On May 4, 2022, Early was announced as a new signing by the Cape Town Tigers of the Basketball Africa League (BAL), joining the team ahead of the 2022 BAL Playoffs. On May 23, Early made his debut and scored 15 points in the quarterfinal against Monastir, in which the Tigers were eliminated. In August 2022, he joined Kuwaiti side Kazma.

On November 25, 2022, Early signed with TaiwanBeer HeroBears of the T1 League. On January 5, 2023, the team terminated the contract relationship with Early.

===2023–present===
On January 21, 2023, Early joined Lebanese side Dynamo Lebanon. In March 2023, he played for Mongolian BCH Garid, and Bahraini Al-Ittihad Manama. In March 2024, he signed for Lebanese club Sagesse.

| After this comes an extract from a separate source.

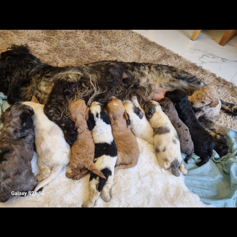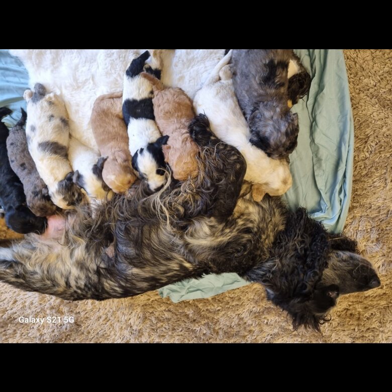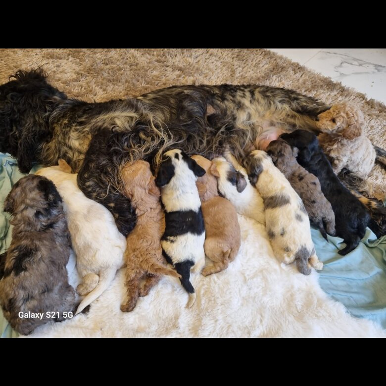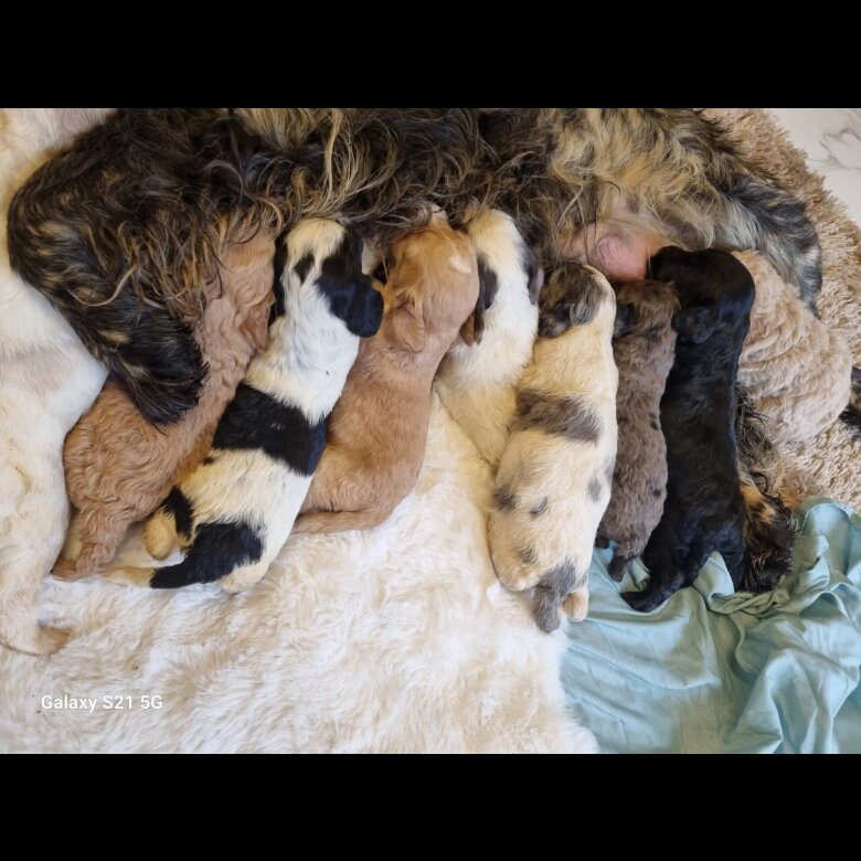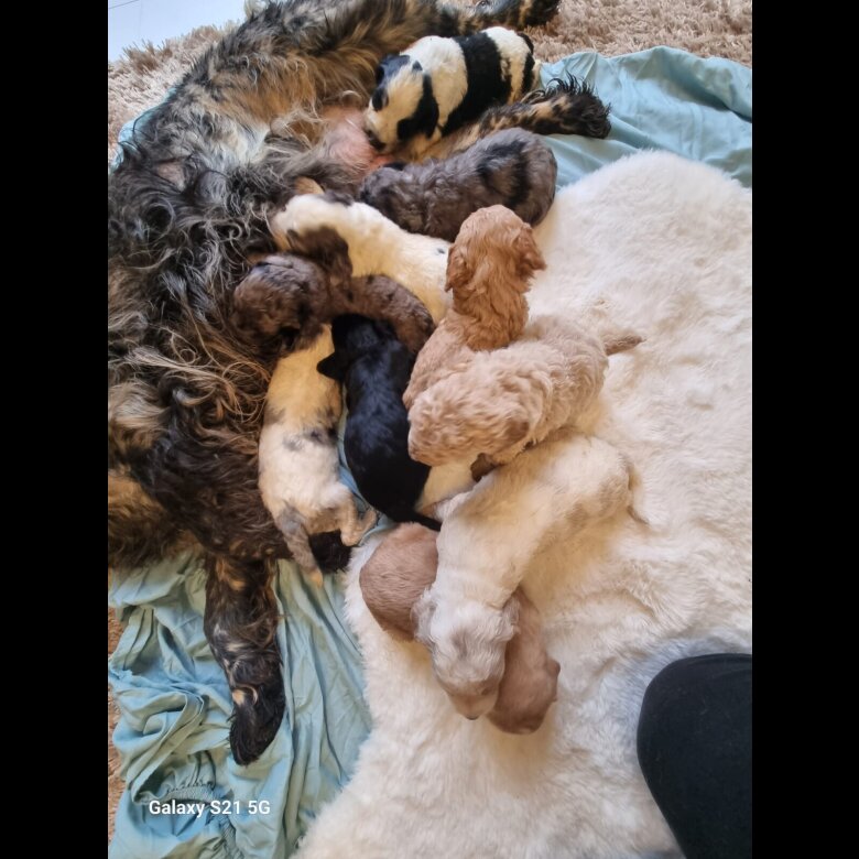 Hi my lovely lady has had a lovely little of puppies mom is a first time fantastic mom she's done really well with the puppies dad is a miniature mural poodle all puppies are different **** go to a loving homes they are use to kids as I have 4 kids and they are ready to leave mom now they are fully up to date with flea treatment and worm treatment and microchip with paper work for chip

On January 8, 2025, Early signed with the Central Club of the Lebanese Basketball League. On March 12, he signed with the Zavkhan Brothers of The League. On March 21, he signed with the Al Arabi SC of the Qatari Basketball League.

==NBA career statistics==

===Regular season===

| Year | Team | GP | GS | MPG | FG% | 3P% | FT% | RPG | APG | SPG | BPG | PPG |
|---|---|---|---|---|---|---|---|---|---|---|---|---|
| 2014–15 | New York | 39 | 7 | 16.6 | .355 | .262 | .750 | 2.5 | .9 | .6 | .3 | 5.4 |
| 2015–16 | New York | 17 | 2 | 9.1 | .300 | .267 | .750 | 1.5 | .4 | .1 | .2 | 1.8 |
| Career |  | 56 | 9 | 14.3 | .346 | .263 | .750 | 2.2 | .8 | .5 | .3 | 4.3 |

==Personal life==
In the early hours of December 30, 2015, Early was held up at gunpoint and shot in the right knee while traveling in an Uber. The attack took place after Early and his girlfriend left a strip club in Maspeth, Queens. He was taken to Elmhurst Hospital after the shooting where he was listed in stable condition.